The picture changes, with a somewhat different range of categories of services being represented, when types of services by multinational corporations are ranked separately. In terms of value to foreign consumers, in 2011, 25.8% of services sold by US-owned multinational corporations were in the retail and wholesale trade category and 21.7% were in the “other industries” category, which includes mining, utilities and transportation services. Financial services accounted for 19.6% of the services sold by US-owned multinational corporations while 14.1% were attributable to professional services (including computer systems and design and engineering and related services). On the import side, wholesale and retail trade accounted for 22.5% of services that foreign-owned multinationals sold to US persons, 20.9% of such sales were financial services and the rest were in the “other industries” category.

Support for and Opposition to TiSA

Advocates

The most vocal advocates for TiSA in the US, in addition to the White House and Office of the US Trade Representative, are the Coalition of Service Industries and the US Chamber of Commerce. Trade Benefits America, another trade group similarly comprised of large US and international corporations (like Walmart, Viacom, Siemens, Morgan Stanley, Toyota and Disney), voiced its support of trade promotion authority to Congress, listing several hundred supporting members, some of which themselves are trade groups (e.g., National Retail Federation, Recording Industry Association and the Telecommunications Semiconductor Industry Associations), agricultural associations (e.g. US Wheat Growers, National Milk Producers, National Pork Producers and the Grain and Feed Association), and chambers of commerce comprised of multiple members.

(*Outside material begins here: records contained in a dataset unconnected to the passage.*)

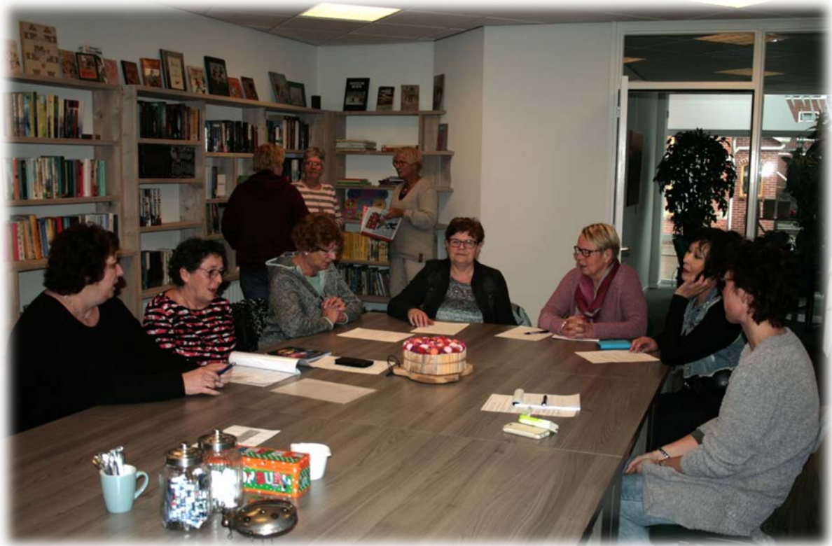
Steunhörn: "De Boekenkuis"
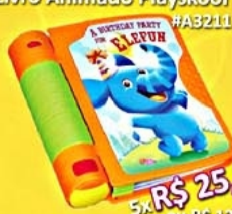
Livro Animado Playskool #A3211
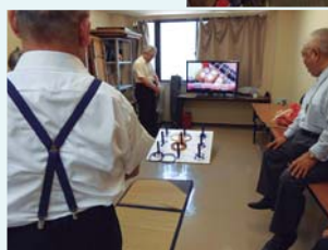
輪投げの腕前はプロ級

Grant Thornton, KPMG and EY are the only conspicuous professional service providers represented in this group, although King & Spaulding and White & Case (two large law firms) have demonstrated their support through membership in the Team TISA Coalition.[xiii] Affiliate members of the Coalition of Services Industries include the American Bar Association, the American Consulting Engineers Council and the American Institute of Architects. Conspicuous by their absence among obvious major stakeholders of TiSA in these supporting organizations are state and federal governments.

Opponents

Unions (including AFL-CIO, AFSCME[xiv], Teamsters, the American Federation of Teachers[xv], the American Postal Workers Union, the National Association of Federal Credit Unions, the National Association of Letter Carriers, Communication Workers of America, the American and
International Trade Union Confederations and members of Public Services International (a global trade union federation), generally to oppose TiSA. Other opponents include academics and progressive organizations and watchdog groups like the Public Citizen and Common Dreams.

Much of published opposition to TiSA comes from abroad. In September 2013 (when talks were being undertaken in Geneva), the European Commission (EC) consultation, the International Trade Union Confederation (ITUC) and the European Trade Union Confederation (ETUC) submitted a joint statement asking that negotiators exclude public services from TiSA coverage. That same month, the Corporate Europe Observatory and “340 other organizations representing hundreds of millions of people from nearly every country” called for the abandonment of TiSA negotiations. Among its endorsers were 42 international and regional networks, such as Public Services International (PSI), UNI Global Union, the European Federation of Public Services Unions (EPSU), the IndustriALL Global Union, the International Union of Food and Allied Workers (IUF) and the European Attac network.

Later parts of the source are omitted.